We learn that senior centers, libraries, venues for volunteer activities, dances, houses of worship and family gatherings are not the best places to meet women when you are of a certain age. Instead, you have to hang at Mickey D’s on a regular basis. Of course, that’s a completely false impression. True enough, there must be groups of seniors who use McDonald’s to meet and schmooze once a week, or maybe every day. But what happens in this commercial is slightly different. It’s hanging at Mickey D’s to hook up. And what I’m saying is that the scene rings more false than cute because there are so many better places for seniors to meet and match nowadays.

We also learn in this commercial that the relationship marketplace for straight men in their 70s and 80s is pretty grim. In a turnaround of Jan and Dean’s “Surf City” (to which these characters would have probably danced decades ago), it’s three boys for every girl. Of course, that’s false, too. Death and illness give men the numbers advantage when it comes to late-in-life love. The older the age group, the more eligible women there are per eligible man. Neither Target nor Wal-Mart would ever commit such a demographic sin in one of their commercials. When they depict a demographic group in an ad, everything is right in every detail.

Target and Wal-Mart would also never make mean fun of its customers, although they both will “make fun with” their customers, as McDonald’s has also done through the years. “Making fun with” includes such scenes as the wife letting the husband think he’s making the buying decision; the couple arguing about what to do with the savings they have from buying something; the kids trying to use smart phone technology to trick dad into buying more treats. These are gentle teases which affirm the attractiveness of the target audiences. But depicting an octogenarian as an infantilized Pagliacci is inherently insulting to the characters and by implication to the demographic they represent, which is why the scene seems more uncomfortable than cute, despite the peppy McDonald’s “ba-da-da-da-da” playing brightly in the background.

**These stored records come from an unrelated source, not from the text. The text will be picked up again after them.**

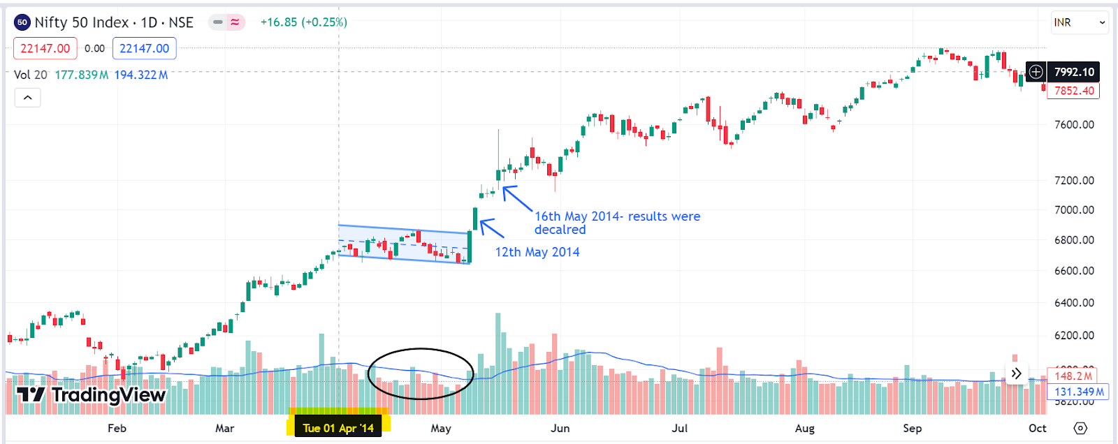 Nifty started moving sideways at the beginning of April 2014, making a slightly downward trend (highlighted within the blue channel in the graph above) by the end of the 2014 elections. We also notice a volume contraction during this period (refer to the circle highlighted in the graph).
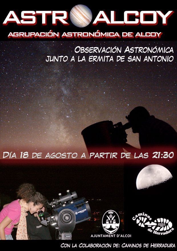 És per això que creiem que la millor data per a la nostra tradicional observació astronòmica nocturna estival, seria per al dilluns dia 18. L’activitat es realitzarà a la petita plaça que hi ha al final de la senda que hi ha a la dreta de l’Ermita de Sant Antoni. Aquesta activitat començarà a les 21:30H.
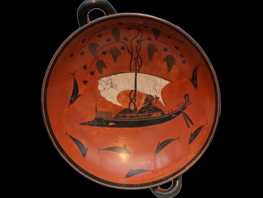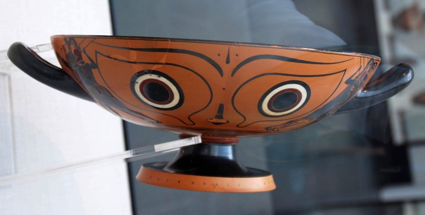 Dionysus, the god of wine, was often honored and celebrated at symposiums, with ceremonious vessels referencing the god and symposiasts offering prayers, singing hymns, and performing honor rituals in his favor. The Vulci black-figure kylixdepicting Dionysus sailing the sea (Figure 7), ca. 540-530 BCE by Exekias, uses heavy visual symbolism driving conversation and comedic ornamentation encouraging interaction from the user, both actively immersing the cup within the symposium program. Overgrown vines and clusters of grapes draped atop the ship’s mast, wine-dark waters concealing the mysteries of the underworld and playing on the idea that water turned to wine, wind blowing into the middle of the sail moving the ship as the symposium moves along. Here, Exekias is offering a prompt to the user of the cup in a symposium setting, one about transforming from one form to another. Much like the seven dolphins painted on the cup, referencing the fate of the Tyrrhenian pirates in the 7th century Homeric hymn to Dionysus, those drinking from the kylix (often referred to as the Dionysus Cup) are magically transformed. This is because, painted on the exterior of the vessel is a large pair of zoomorphic caricature eyes, with the handles acting as ears and the vessel stem a snout, transforming the drinker into a mythic creature appearing as if they are putting on a bestial mask as the vessel covers their face (Figure 8). Designed to be interactive and playful, the “eye cup” effect is only one of the transformations the user undergoes, the other being an alcohol-induced metamorphosis. By using the cup in libations, participants may have sought to establish a connection with Dionysus, invoking his presence and blessings. The Dionysus Cup serves as a tangible link between the Ancient Greek practice of libations and the worship of Dionysus, highlighting the significance of wine and ritual in honoring the god.
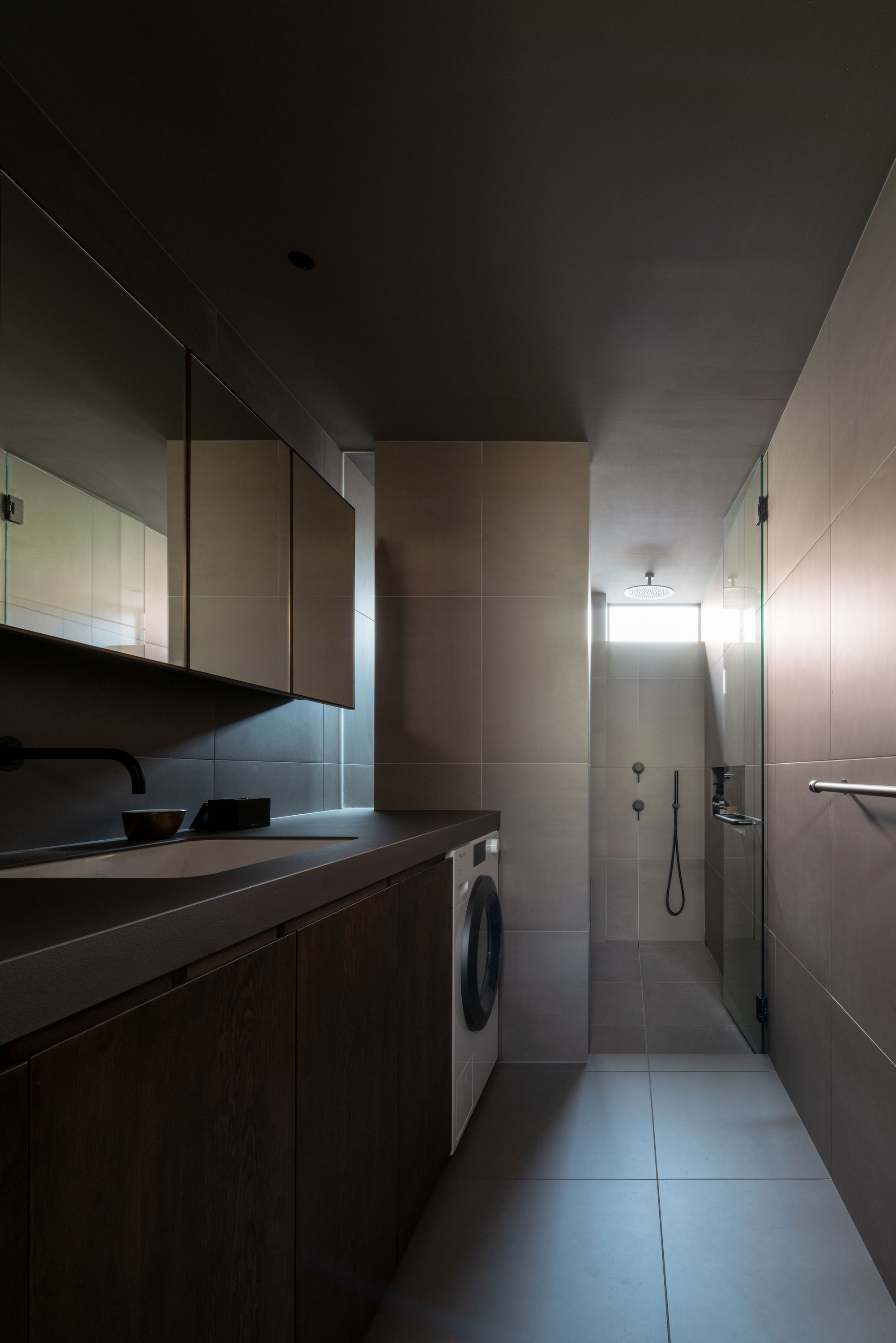 森田悠紀建築設計事務所による、東京の「上目黒の家」。往来のある緑道に面した敷地。内外の“適切な関係”の構築を求め、壁柱を並べて“視線の抜けを確保”しつつ“外からの斜めの視線を遮る”建築を考案。土地の様々な条件に応えた末に“回廊の様な空間”が立上がる1階、洗面から浴室を見る。 photo©西川公朗
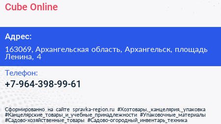 Cube Online по адресу 163069, Архангельская область, Архангельск, площадь Ленина, 4 в дальнейшем Организация, размещена в следующих категориях:

The irony is that whoever worked on this spot started with the right ideas. McDonald’s strategy to go after senior citizens is a good one, since the original denizens of Big Macs are baby boomers now retiring and aging.

To connect the consumption of a product with an emotion is a staple strategy of advertising, one that McDonald’s has pursued with a vengeance for decades, especially in spots featuring African-Americans and young adults. And as we have seen in many McDonald’s spots through the years, what better emotion can there be than romantic attraction? Moreover, one unifying theme shared by all McDonald’s spots for specialty coffee drinks over the past few years is an attitude best described as hip cuteness, and what could be cuter and hipper at the same time than seniors in love?

On paper, the spot has it all: It connects a product to an emotion, focuses on a target market that is of growing importance, and has thematic and design similarities with other McDonald’s spots that will help enhance the overall brand message that the company tries to make in all of its advertising.

Somewhere along the way, though, these strategies led to the uncomfortable and unrealistic mess we see in the commercial. Because it presents a reality that doesn’t exist and one in which the representative of the target market is humiliated, I’m certain that the commercial will fail with that target market.

But I’m betting it plays well with the enormous youth market for coffee drinks, i.e., the young and slightly unsophisticated who will accept the McCafé drink as a cheaper substitute for a beverage from a real coffee house or that corporate imitation known as Starbucks. The humor is a highly sanitized version of the crude and somewhat humiliating humor of a lot of youth movies. Young men and women can relate to the awkward dilemma of a boy wanting to pick up a girl in a fast food restaurant but being afraid to ask.

And there can be no doubt about it. That’s not Viagra or water from the mythic fountain of youth that the bearded elderly gentleman has in his hand that makes him so attractive to the senior babe. It’s a McCafé! The elixir of love.